Jonah Hook and the rest craned their necks at the increasing clamor from the wagon camp. He and Shad Sweete followed Custer’s officers toward the men’s voices.
“You can’t control your employees, Watkins?” Custer asked of his wagon boss.
“They seen how the rest took off on you, General,” Lyle Watkins, the contract civilian, explained. “How you treated your own men. They figure they’ve had enough. I think—”
“You’re not getting paid to think, Watkins.” Custer whirled to find Elliott nearby. “Major—these civilians who are guilty of mutiny are under arrest. I want them punished!”
Some of the civilians lunged forward. A rattle of pistols greeted them as iron cleared leather, officers and camp guards protectively ringing their lieutenant colonel.
“We quit! Ain’t working for you no more, Custer!” a voice called out.
“I want that man staked out!” Custer ordered. “Some of the rest as well. See how they like the ants and the sun after a while. Who started this, Watkins?”
The wagon boss stared at his boots.
“Who, Watkins?”
Reluctantly, the wagon boss pointed out a big, burly teamster.
“Major Elliott, I want that man tied to a wagon wheel and horsewhipped. Twenty lashes.”
“Twenty?” roared the big teamster as the guards approached, guns drawn.
“Make that thirty, Major. And don’t be shy to lay them on!”
In a matter of minutes, the soldiers had more than fifteen teamsters striped and staked out on the sandy prairie, their sweating bodies attracting ants and all manner of crawling, flying, buzzing insects. Thirty lashes had been delivered to the ringleader who hung semiconscious against the wagon wheel, his back a mass of red welts and crimson streamers.
“We got one over there, General—a fella tried to help some of the others by pulling up their stakes after we spread ’em,” anno
unced Elliott. “You want him get the same medicine, sir?”
Custer thought but a moment. “No. Lash him up and drag the man through the stream. Have the rest watch the show. It will show both soldier and teamster alike that I won’t tolerate mutiny—nor will I tolerate those who aid the mutineers.”
Hook found his stomach filled with about all the gall he could take.

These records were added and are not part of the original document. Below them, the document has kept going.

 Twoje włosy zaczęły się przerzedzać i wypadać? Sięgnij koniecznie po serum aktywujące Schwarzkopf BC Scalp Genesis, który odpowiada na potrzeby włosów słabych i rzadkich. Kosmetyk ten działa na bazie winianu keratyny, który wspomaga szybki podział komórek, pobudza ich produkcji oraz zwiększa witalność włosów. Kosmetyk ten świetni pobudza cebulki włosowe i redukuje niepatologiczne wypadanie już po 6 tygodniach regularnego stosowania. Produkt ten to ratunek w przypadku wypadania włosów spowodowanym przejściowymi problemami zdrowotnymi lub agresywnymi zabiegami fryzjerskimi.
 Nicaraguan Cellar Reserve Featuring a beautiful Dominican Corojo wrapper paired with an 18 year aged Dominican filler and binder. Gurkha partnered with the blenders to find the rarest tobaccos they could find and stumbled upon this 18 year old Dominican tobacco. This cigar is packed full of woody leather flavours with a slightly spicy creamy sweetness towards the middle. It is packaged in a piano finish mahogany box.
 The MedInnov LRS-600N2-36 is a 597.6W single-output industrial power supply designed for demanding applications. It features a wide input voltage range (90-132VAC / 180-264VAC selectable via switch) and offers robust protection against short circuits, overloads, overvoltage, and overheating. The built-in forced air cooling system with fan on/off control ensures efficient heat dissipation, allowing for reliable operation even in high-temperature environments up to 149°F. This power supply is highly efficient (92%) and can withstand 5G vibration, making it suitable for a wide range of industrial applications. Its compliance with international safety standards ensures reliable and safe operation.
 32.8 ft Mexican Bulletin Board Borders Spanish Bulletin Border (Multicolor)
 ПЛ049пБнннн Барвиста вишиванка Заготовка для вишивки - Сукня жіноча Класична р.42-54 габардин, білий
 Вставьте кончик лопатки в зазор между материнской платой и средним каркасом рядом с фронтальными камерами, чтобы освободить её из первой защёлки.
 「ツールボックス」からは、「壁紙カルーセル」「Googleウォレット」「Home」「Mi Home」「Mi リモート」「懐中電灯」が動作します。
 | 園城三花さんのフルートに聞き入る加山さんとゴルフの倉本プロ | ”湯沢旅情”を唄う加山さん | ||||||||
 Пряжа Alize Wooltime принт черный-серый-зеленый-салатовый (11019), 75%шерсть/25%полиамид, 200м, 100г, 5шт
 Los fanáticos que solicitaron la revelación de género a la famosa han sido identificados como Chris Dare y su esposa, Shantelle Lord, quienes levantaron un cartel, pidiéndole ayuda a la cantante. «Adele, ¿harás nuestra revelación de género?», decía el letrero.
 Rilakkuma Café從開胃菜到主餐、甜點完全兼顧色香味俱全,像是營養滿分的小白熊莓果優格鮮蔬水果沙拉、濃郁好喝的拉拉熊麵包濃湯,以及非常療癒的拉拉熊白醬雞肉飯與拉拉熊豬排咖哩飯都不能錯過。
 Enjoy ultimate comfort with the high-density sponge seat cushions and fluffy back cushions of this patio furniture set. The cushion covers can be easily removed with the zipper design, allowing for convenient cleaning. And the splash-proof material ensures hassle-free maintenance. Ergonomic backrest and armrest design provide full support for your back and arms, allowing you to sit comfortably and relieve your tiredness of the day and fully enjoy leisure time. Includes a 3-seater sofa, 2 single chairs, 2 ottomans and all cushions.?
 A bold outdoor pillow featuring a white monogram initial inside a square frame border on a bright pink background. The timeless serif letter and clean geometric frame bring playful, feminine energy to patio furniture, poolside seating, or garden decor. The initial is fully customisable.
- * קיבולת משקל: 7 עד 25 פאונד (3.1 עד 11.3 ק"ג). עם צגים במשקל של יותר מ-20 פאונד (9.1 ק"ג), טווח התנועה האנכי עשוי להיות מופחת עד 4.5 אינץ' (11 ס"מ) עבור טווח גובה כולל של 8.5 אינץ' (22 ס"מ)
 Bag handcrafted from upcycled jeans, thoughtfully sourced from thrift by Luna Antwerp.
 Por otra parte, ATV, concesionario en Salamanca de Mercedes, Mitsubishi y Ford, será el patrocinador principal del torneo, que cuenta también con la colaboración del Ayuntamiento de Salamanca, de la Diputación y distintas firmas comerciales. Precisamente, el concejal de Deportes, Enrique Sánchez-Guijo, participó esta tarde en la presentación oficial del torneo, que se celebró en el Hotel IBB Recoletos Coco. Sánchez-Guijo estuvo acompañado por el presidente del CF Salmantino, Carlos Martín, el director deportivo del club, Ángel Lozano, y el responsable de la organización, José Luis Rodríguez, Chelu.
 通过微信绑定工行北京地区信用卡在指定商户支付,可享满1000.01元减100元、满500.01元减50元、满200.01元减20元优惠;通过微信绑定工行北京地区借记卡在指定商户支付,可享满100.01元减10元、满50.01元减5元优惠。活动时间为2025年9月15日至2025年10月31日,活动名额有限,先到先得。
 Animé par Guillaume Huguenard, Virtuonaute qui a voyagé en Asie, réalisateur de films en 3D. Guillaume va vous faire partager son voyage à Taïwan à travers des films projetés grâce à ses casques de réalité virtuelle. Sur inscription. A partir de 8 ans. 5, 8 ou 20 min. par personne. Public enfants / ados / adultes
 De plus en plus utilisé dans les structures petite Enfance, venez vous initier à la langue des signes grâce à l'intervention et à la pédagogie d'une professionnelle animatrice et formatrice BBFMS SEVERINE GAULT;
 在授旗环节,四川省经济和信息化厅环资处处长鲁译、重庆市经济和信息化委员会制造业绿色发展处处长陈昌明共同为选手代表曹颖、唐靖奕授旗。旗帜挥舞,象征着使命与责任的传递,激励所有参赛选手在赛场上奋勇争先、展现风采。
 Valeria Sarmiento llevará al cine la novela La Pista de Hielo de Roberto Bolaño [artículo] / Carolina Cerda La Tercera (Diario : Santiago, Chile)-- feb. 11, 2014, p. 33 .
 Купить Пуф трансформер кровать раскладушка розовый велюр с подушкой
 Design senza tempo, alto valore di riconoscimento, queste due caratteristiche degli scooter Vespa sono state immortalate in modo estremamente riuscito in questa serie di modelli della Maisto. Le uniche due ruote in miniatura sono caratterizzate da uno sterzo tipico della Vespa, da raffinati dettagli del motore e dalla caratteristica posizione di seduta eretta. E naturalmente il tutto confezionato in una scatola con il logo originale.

He turned away, stalked back to the scouts’ camp with Sweete, leaving the angry hollering behind.
“That how a Yankee soldier keeps order among his men?” he asked nobody in particular. “Never did a Confederate have to run off—we always had something to fight for.”
Sweete grumbled. “Out here on the plains—most of these men don’t know what the hell they’re being asked to fight for … maybe die for.”
They both whirled at the approach of two horses and the sound of splashing water drawing near. Hook bolted down the streambank as the soldiers drew near, dragging a civilian behind them, lashed hand and foot in ropes, arms strung overhead full length, his body bouncing through the gritty, shallow flow of the South Fork of the Republican. The man popped up, eyes clenched tightly, sputtering and gasping for air as he cleared the water. Then he hit another riffle that submerged him, spitting sand and river water, his bound legs flaying helplessly.
Hook was in the water, pistol drawn before the two mounted soldiers knew it. He snagged the reins of one rider, nearly upsetting the trooper. The far soldier tried to pull his pistol, but stopped, finding the Confederate’s muzzle pointed at him.
“You gonna live, Artus?” Hook asked in a loud voice, never taking his eyes off the two soldiers who had been dragging the civilian down the streambed.
Moser sputtered, struggling to come out of the shallow stream, raising himself on elbows. His long hair sopped into his eyes as he hacked up the murky, gritty water, and he drew his legs under him. Moser slowly got to his knees, heaving, puking up river-bottom grit.
“I don’t know—”
“You’re in a heap of trouble, mister!” growled one of the soldiers.